Stored items from a collection

◇ ◇ ◇ ◇ ◇ ◇ ◇

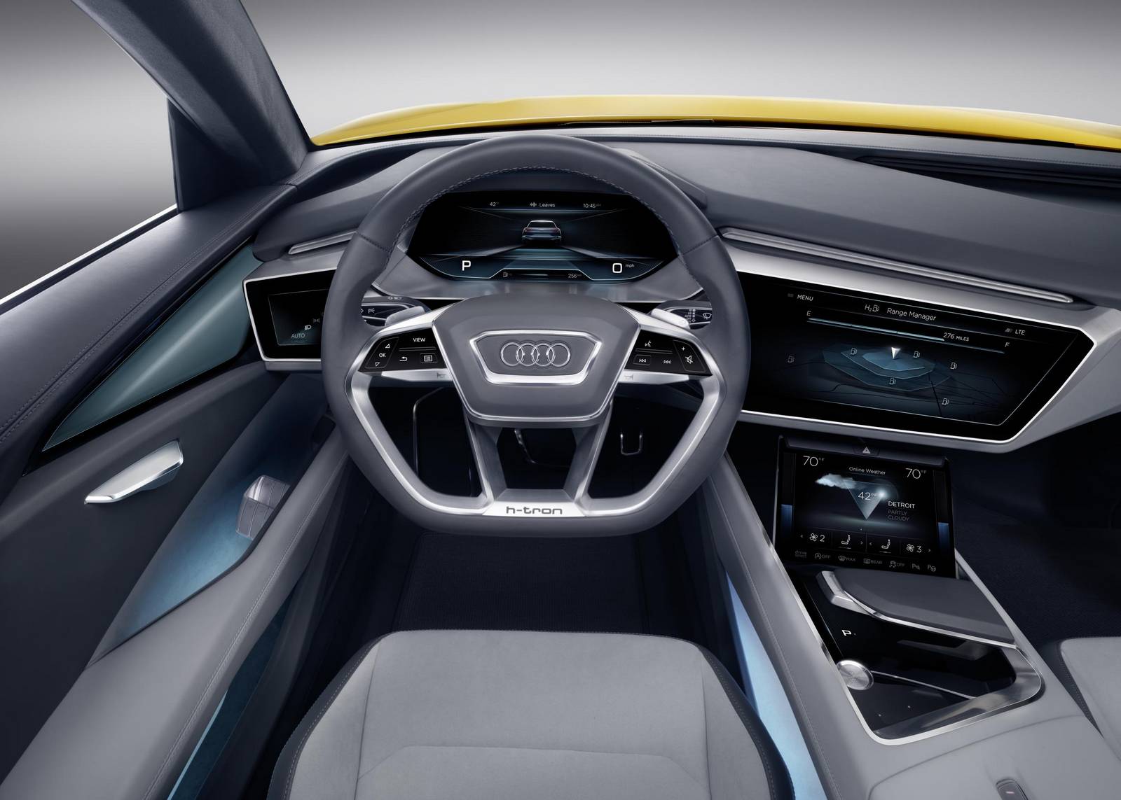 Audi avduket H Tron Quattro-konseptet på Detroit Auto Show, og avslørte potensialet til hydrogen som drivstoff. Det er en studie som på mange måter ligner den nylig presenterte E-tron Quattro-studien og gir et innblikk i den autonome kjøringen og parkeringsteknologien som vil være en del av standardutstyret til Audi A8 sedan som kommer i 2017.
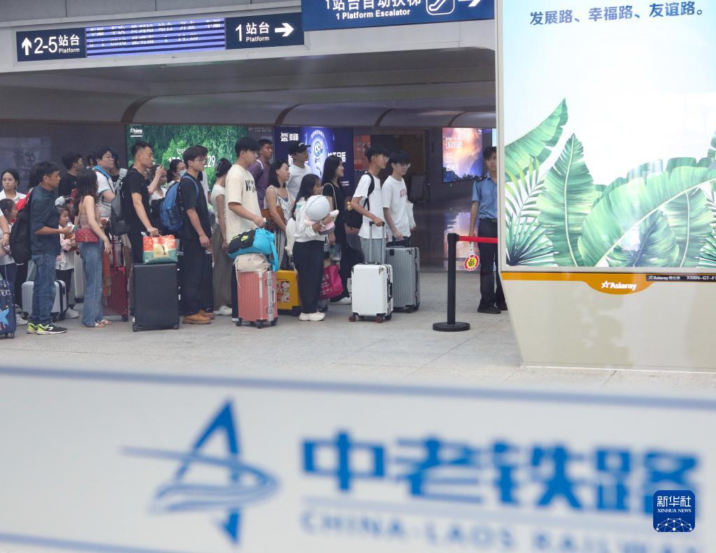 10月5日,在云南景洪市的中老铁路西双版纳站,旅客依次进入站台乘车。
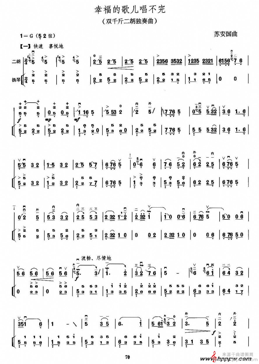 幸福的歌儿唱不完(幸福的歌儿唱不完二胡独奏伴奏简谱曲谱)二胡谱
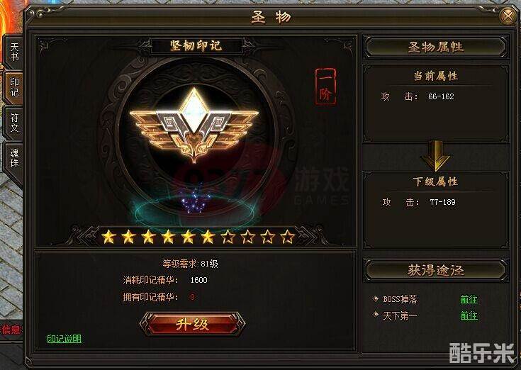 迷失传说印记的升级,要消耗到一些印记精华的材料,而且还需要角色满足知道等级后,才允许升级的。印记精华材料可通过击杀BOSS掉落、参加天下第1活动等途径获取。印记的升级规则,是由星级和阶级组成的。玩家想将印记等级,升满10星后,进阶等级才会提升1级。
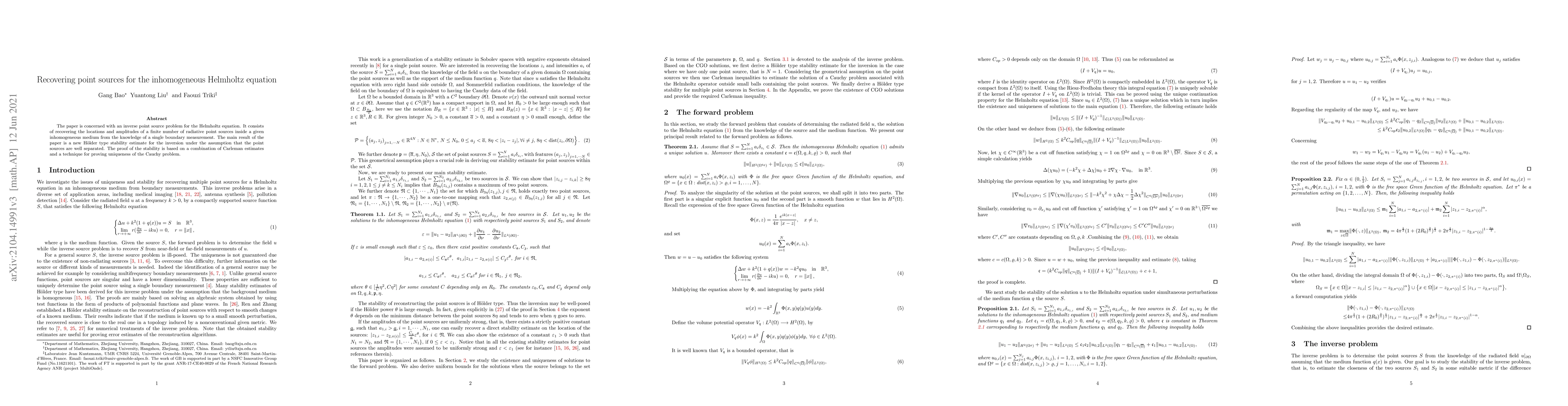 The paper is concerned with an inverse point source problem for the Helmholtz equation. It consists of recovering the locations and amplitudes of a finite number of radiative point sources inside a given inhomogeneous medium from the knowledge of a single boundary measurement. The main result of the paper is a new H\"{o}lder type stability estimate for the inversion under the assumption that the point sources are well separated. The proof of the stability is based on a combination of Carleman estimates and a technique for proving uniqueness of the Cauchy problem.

◇ ◇ ◇ ◇ ◇ ◇ ◇

▸ **What you should do**: Retype the records in full. Do not carry over the images.

▸ **Answer area**:
 Audi avduket H Tron Quattro-konseptet på Detroit Auto Show, og avslørte potensialet til hydrogen som drivstoff. Det er en studie som på mange måter ligner den nylig presenterte E-tron Quattro-studien og gir et innblikk i den autonome kjøringen og parkeringsteknologien som vil være en del av standardutstyret til Audi A8 sedan som kommer i 2017.
 10月5日,在云南景洪市的中老铁路西双版纳站,旅客依次进入站台乘车。
 幸福的歌儿唱不完(幸福的歌儿唱不完二胡独奏伴奏简谱曲谱)二胡谱
 迷失传说印记的升级,要消耗到一些印记精华的材料,而且还需要角色满足知道等级后,才允许升级的。印记精华材料可通过击杀BOSS掉落、参加天下第1活动等途径获取。印记的升级规则,是由星级和阶级组成的。玩家想将印记等级,升满10星后,进阶等级才会提升1级。
 The paper is concerned with an inverse point source problem for the Helmholtz equation. It consists of recovering the locations and amplitudes of a finite number of radiative point sources inside a given inhomogeneous medium from the knowledge of a single boundary measurement. The main result of the paper is a new H\"{o}lder type stability estimate for the inversion under the assumption that the point sources are well separated. The proof of the stability is based on a combination of Carleman estimates and a technique for proving uniqueness of the Cauchy problem.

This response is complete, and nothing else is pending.